Sometimes You Just Have to Take a Chance
In a few days I'm off to Egypt for three weeks on a trip I've dreamt of all my life. The trip is disabled friendly I am told. My partner's doctors don't believe he's up to a long flight so I am going by myself. All of my doctors have told me that my neurological issues may flare up on the arduous trip I am undertaking. But, you just have to tuck your chin in sometimes and take a chance.
One of my neurological problems is that my body does not produce enough neurotransmitters to handle stress such as too much physical effort or too much sensory input. In the past I have had instances where my body shut down to the point that I didn't have sufficient strength to walk or talk. I also suffer from panic attacks brought about by too much sensory input such as you might experience in a large crowd.
I was worried that I would suffer panic attacks during my trip; however, I have been working with my psychiatrist on some strategies to avoid panic attacks. One of them is to limit my sensory input by concentrating on one thing until the panic attack subsides. I have learned also to be aware of a fast heart beat or a flushed feeling as the warning signs of an impending panic attack and to take counter measures, such as concentrating on one thing or removing myself from the situation. If all else fails, I carry 2.5 mg of Xanax, which is very fast acting. So far just the comforting thought that I have that Xanax available has been enough to stave off a panic attack.
The physical weakness is quite another thing. I have just so much neurotransmitters available and I can exhaust them with what other people would consider light effort. The physical weakness is made worse by emotional stress. Working with my psychiatrist, I have increased my neuropsych meds to control the emotional stress. It is up to me to be in touch with my body and know when I have to rest. In the past I have found the physical weakness to be very embarrassing as I walk with a slow shuffling gait and I cannot lift my arms. Now working with my psychiatrist and my neurologist I know to ask for help if I get weak. The stimulating effect of alcohol also depletes my neurotransmitters so I have sworn off my usual two glasses of wine with dinner for the duration of the trip. The tremor in my hands I can hide by keeping my hands in my pockets.

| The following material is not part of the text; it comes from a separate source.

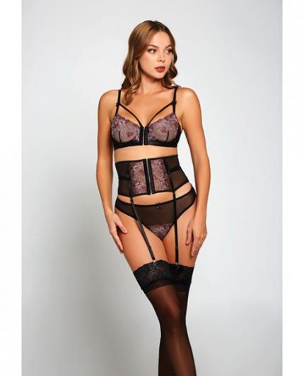 There’s no doubt that you’ll grow your babe’s affection in this sexy plus size bra set featuring sheer lace underwire cups with a hook and eye front closure, a strappy chest detail, adjustable spaghetti straps, a matching waist cincher with piping detail, removable adjustable garter straps, and matching g-string panty. (Thigh highs not included.) FABRIC: 90% Polyester, 10% Spandex. 2X. Size: 18-20. Bust: 44in.-47in. Waist: 37.5in.-40in. Hip: 46in.-49in.

Another neurological problem I face is that I have a hard time making myself understood; sometimes what I think I am saying is not what other people hear. This problem is associated with my control of my tongue which feels as if it is too big for my mouth. I often bite the edges of my tongue and have been startled awake many times after I crunch down on it. I have learned to pay attention to what I say, to be polite if people don't understand me, and to repeat myself if necessary.

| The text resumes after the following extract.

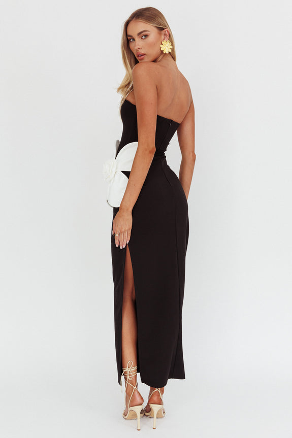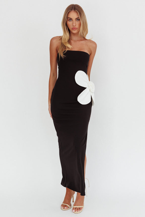No Competition Oversized Flower Maxi Dress Black

The old problem of the ghostly shapes in my peripheral vision has returned. I am often startled by those shapes, which can look quite threatening. I take medication to quell these hallucinations; nonetheless, I still see them. I try to control my reactions; but, I still react to them sometimes. My psychiatrist tells me these shapes at the periphery of my vision are a symptom of early dementia. Humorously, I used to think I was psychic because I saw these shapes.
I also continue to have auditory hallucinations during which I hear people say things they haven't said. I used to think I was hearing people's thoughts. I have learned to distinguish an auditory hallucination from actual speaking by not responding unless I am facing the person speaking and I see their lips move.
I have medivac insurance in case I have a major neurological episode and there is an acceptable American hospital in Cairo. My CD4 count is 375, my CD4/CD8 percentage is 17%, and I have a viral load of 6,000. I have had all my shots. Whether or not a trip to Egypt is a risky venture for me is to be seen. I think sometimes you have to take the plunge with a calculated risk. I may not be able to go on many more foreign adventures in the future so here I go. I'll tell you how this old boy holds up in late January.